_What the task requires_
Copy the listing exactly, please, and keep every picture out of it.

_Recorded information_

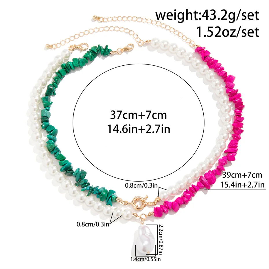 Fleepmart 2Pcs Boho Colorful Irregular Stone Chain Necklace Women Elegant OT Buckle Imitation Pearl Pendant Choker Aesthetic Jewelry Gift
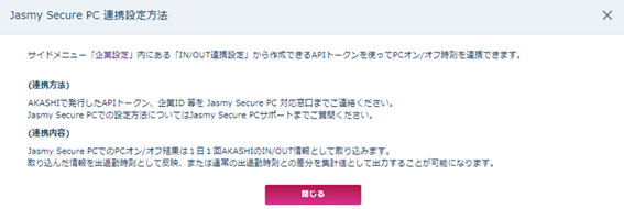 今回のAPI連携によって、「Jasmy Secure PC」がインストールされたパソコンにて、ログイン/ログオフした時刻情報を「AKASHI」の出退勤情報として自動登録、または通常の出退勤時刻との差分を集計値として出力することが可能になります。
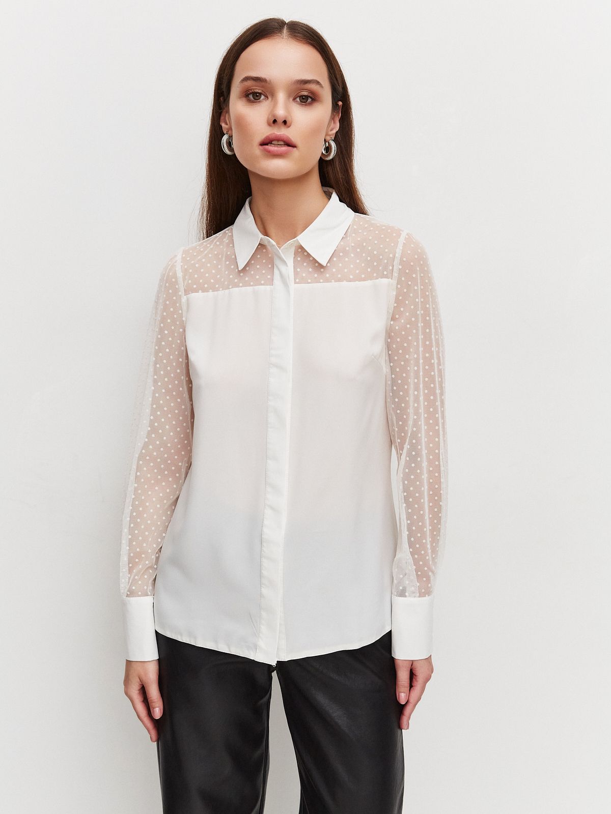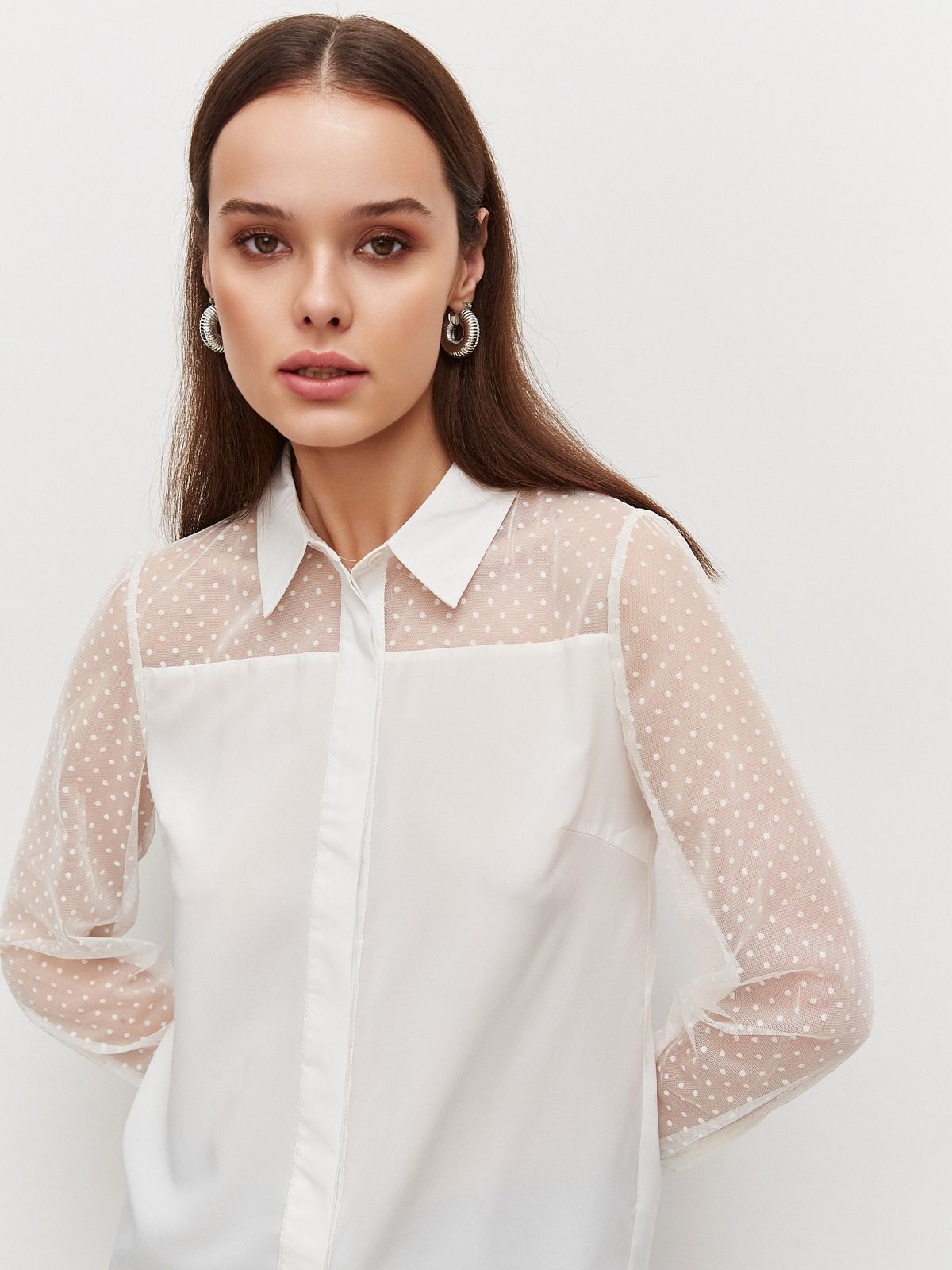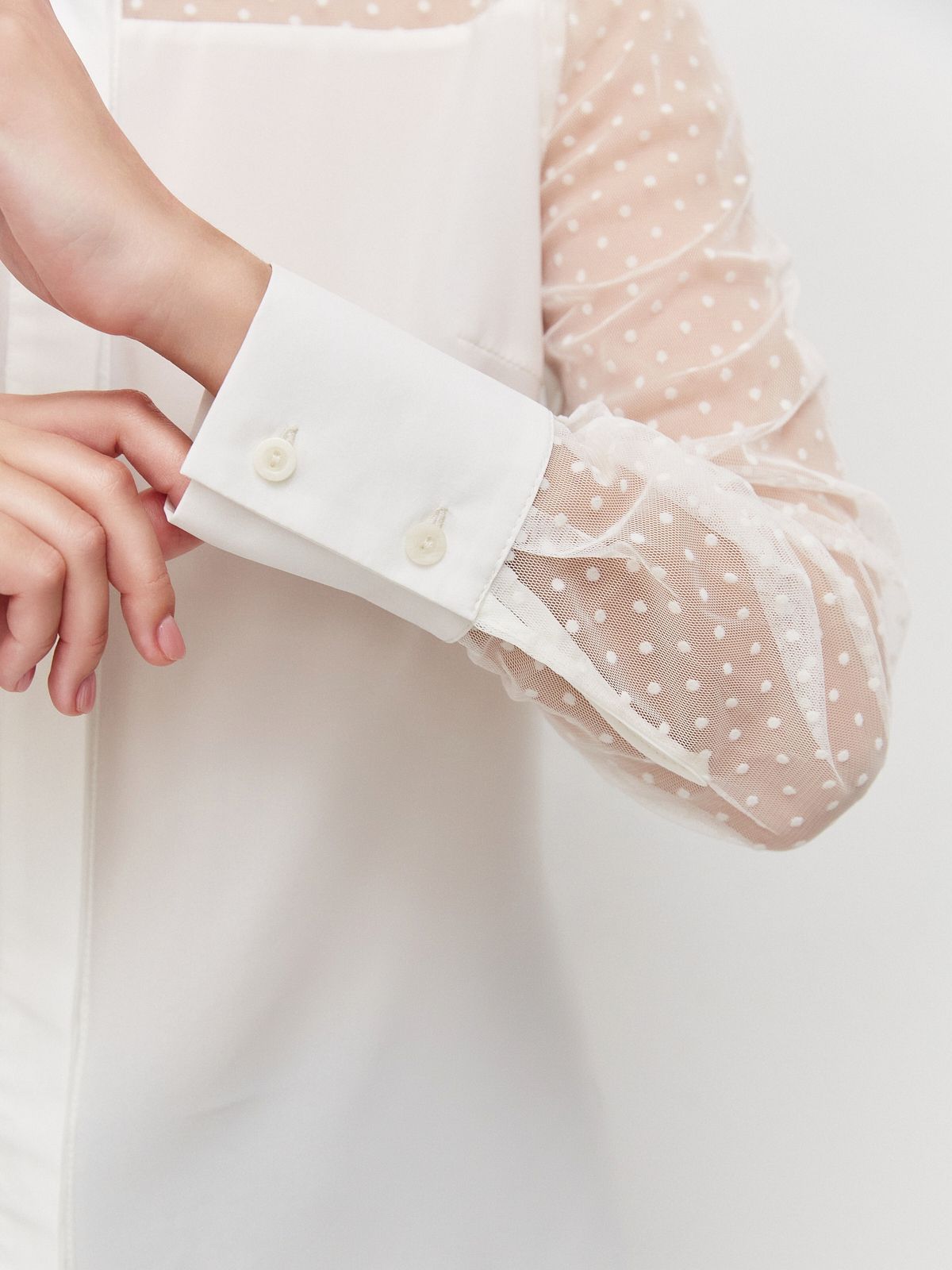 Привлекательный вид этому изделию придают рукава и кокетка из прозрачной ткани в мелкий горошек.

_Answer box_
 Fleepmart 2Pcs Boho Colorful Irregular Stone Chain Necklace Women Elegant OT Buckle Imitation Pearl Pendant Choker Aesthetic Jewelry Gift
 今回のAPI連携によって、「Jasmy Secure PC」がインストールされたパソコンにて、ログイン/ログオフした時刻情報を「AKASHI」の出退勤情報として自動登録、または通常の出退勤時刻との差分を集計値として出力することが可能になります。
 Привлекательный вид этому изделию придают рукава и кокетка из прозрачной ткани в мелкий горошек.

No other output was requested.